Dann brauchst du auch keinen Virenscanner.

----------

## furanku

 *Deever wrote:*   

>  *texx wrote:*   soweit ich gesehen habe muss ich da sendmail oder ähnliches istallieren.
> 
> das möchte ich jedoch nicht. 
> 
> Dann brauchst du auch keinen Virenscanner.

 

Warum das denn nicht? Ich habe das selbe Problem. Ich hole meine Emails via pop3 in KMail ab. Mittels des pop Filters von kmail kann ich nur relativ grob nach microsoft o.ä. im Subject filtern und den Download verhindern.

Ich möchte aber, dass Viren in Attachments als solche markiert werden und die Mails in einen speziellen Ordner verschoben werden, bei im Augenblick ca. 50 Viren Emails pro Tag (Danke, Mircosoft  :Evil or Very Mad: , tolles Betriebssystem!) will ich das nicht von Hand machen und es sollte genügend flexibel sein um auch auf die nächste Welle von Viren vorbereitet zu sein. 

Ich suche also sowas wie einen Filter ala "spamc" von SpamAssassin.

Gibt's sowas?

Frank

----------

## Gandy

Das ist das aber eher ein Fall für einen Spamfilter wie den von Dir genannten Spamassassin oder Bogofilter.

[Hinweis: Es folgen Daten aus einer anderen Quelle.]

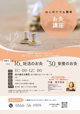 春は環境変化や気温差の影響で体調不良を感じやすい時期です。 少し立ち止まって、自分のカラダと向き合ってみませんか。 日々の不調を和らげるアナタだけのお灸を行います。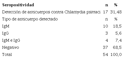 Se encontró una seropositividad para C. psittaci del 31,5 % en los trabajadores expuestos a aves incluidos en el estudio (n=17), en los que se detectaron anticuerpos tipo IgG, IgM o ambos (cuadro 2). De los siete individuos que presentaron anticuerpos IgG, cuatro tuvieron títulos positivos hasta 1:64, y tres, de 1:128. Los 14 trabajadores en los que se detectó IgM tuvieron títulos positivos de dilución 1:2.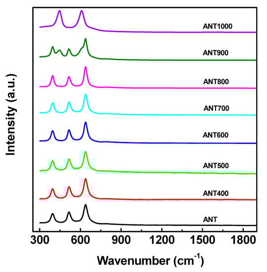 In addition to XRD, Raman spectroscopy was also used to investigate the structural identification of thermally treated anatase TNPs samples. The Raman spectrums of TiO2 polymorphs were unique enough, and were beneficial for distinguishing the various TiO2 phases. Figure 4 represents the Raman spectrum of as-prepared anatase TNPs annealed at different temperature samples. According to Figure 4, the Raman active modes, where the vibrational spectrum centered around 394.7, 514.6, and 639.8 cm−1, corresponded to the anatase phase, and the vibrational modes around 447.8 and 608.7 cm−1 represented the rutile phase [78]. The analysis of the Raman spectra of the sample annealed at 800 °C revealed high intensity, which was proof of high crystalline with a complete pure anatase phase. Further calcinations led to a gradual phase transformation from anatase to rutile. Both anatase and rutile vibrational modes were observed in the sample annealed at 900 °C, and after subsequent annealing at 1000 °C, the Raman spectra denoted that the phase had been completely transformed to rutile phase. The phenomena were noted and matched with the XRD analysis (Figure 3) study as well.

Soweit ich weiß, gibt es dafür auch Möglichkeiten diese Filter direkt mit so einem MUA zu verwenden. Allerdings kann es auch sehr interessant sein, sich mit dem modularen Aufbau eines *nix-Systems auseinanderzusetzen und das vorgesehene Prinzip mit Aufteilung zwischen MTA, MDA und MUA zu benutzen.

----------

## ddanier

gits keine möglichkeit die emails per kmail (z.b. mit den filterregeln) durch nen virenfilter zu jagen?

----------

## furanku

Ich kenne den Unterschied zwischen Transfer und User Agent, hatte früher auch mal sendmail und fetchmail am laufen und habe schon auf dem alten Atari ST meine Mails im elm gelesen und über uucp/smail unter MiNT bezogen.

Trotzdem finde ich den Installations Aufwand, die früher häufigen Sicherheitslücken und den Resourcen Verbrauch (noch'n Daemon, noch'n init.d skript, noch'n log file zum auswerten...) für einen Ein-Benutzer-Arbeitsplatz entschieden zu hoch.

Ich denke Linux will auf den Desktop? Ich glaube ich würde sendmail wohl noch so einigermassen konfiguriert kriegen, meine Mitbewohnerin, die ansonsten sehr glücklich mit Linux auf ihrem Laptop ist, wohl nicht. Mit der KMail Einrichtung der pop/smtp Accounts kam sie aber sehr gut klar.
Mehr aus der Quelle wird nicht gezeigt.